Task prompt: Before you return the lines below, strip out any images and keep every word as written.

Data segment:
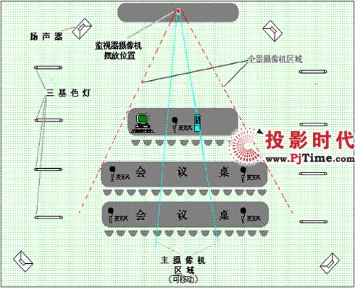建議大型會(huì)議室至少配置2臺(tái)攝像機(jī),在會(huì)場(chǎng)的前后部各放一臺(tái),安裝方式可采用吊掛天棚、吊掛在墻上等。
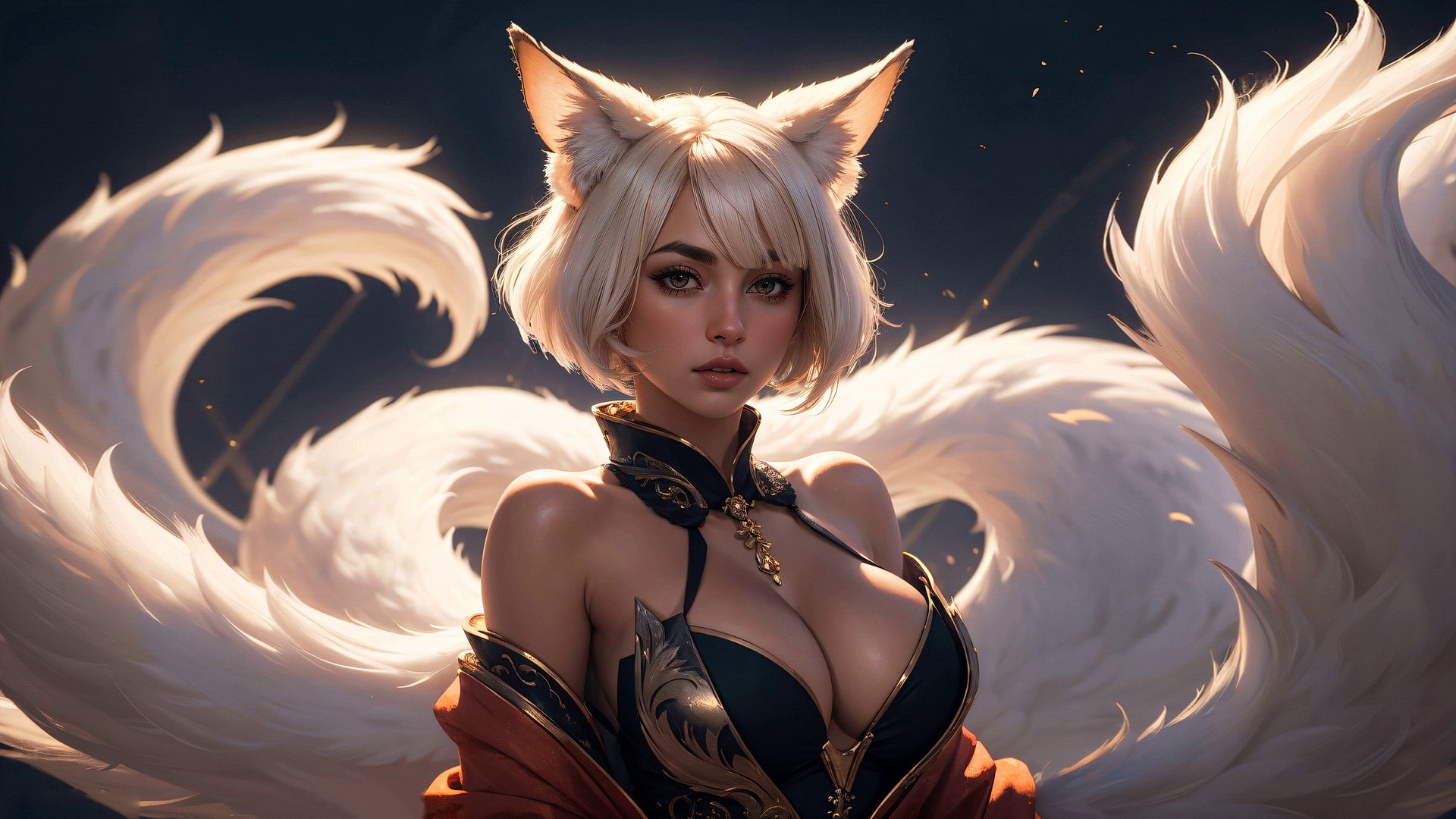 Description: A woman with white hair and a cat costume with wings on her chest and chest.
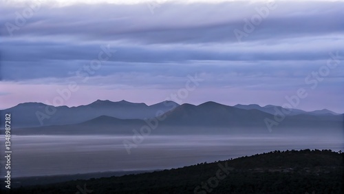 © Danyil, Obraz premium Misty Mountain Range at Dawn
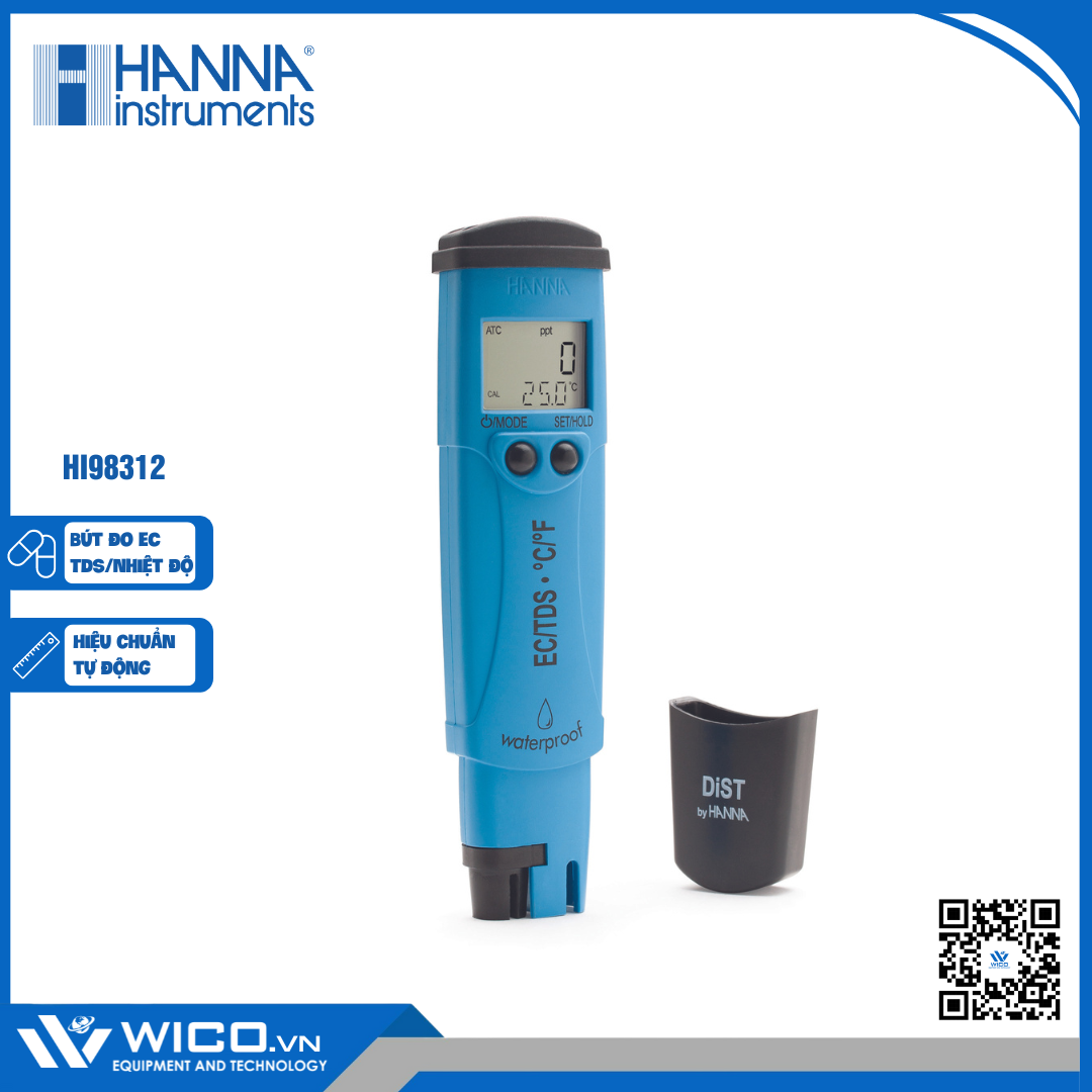 Bút đo EC/TDS/Nhiệt độ thang cao HI98312 với hiệu chuẩn tự động với nút CAL ⭐ là sản phẩm của hãng Hanna và được nhập khẩu, phân phối chính hãng bởi Wico Việt Nam.

Exercise solution:
建議大型會(huì)議室至少配置2臺(tái)攝像機(jī),在會(huì)場(chǎng)的前后部各放一臺(tái),安裝方式可采用吊掛天棚、吊掛在墻上等。
 Description: A woman with white hair and a cat costume with wings on her chest and chest.
 © Danyil, Obraz premium Misty Mountain Range at Dawn
 Bút đo EC/TDS/Nhiệt độ thang cao HI98312 với hiệu chuẩn tự động với nút CAL ⭐ là sản phẩm của hãng Hanna và được nhập khẩu, phân phối chính hãng bởi Wico Việt Nam.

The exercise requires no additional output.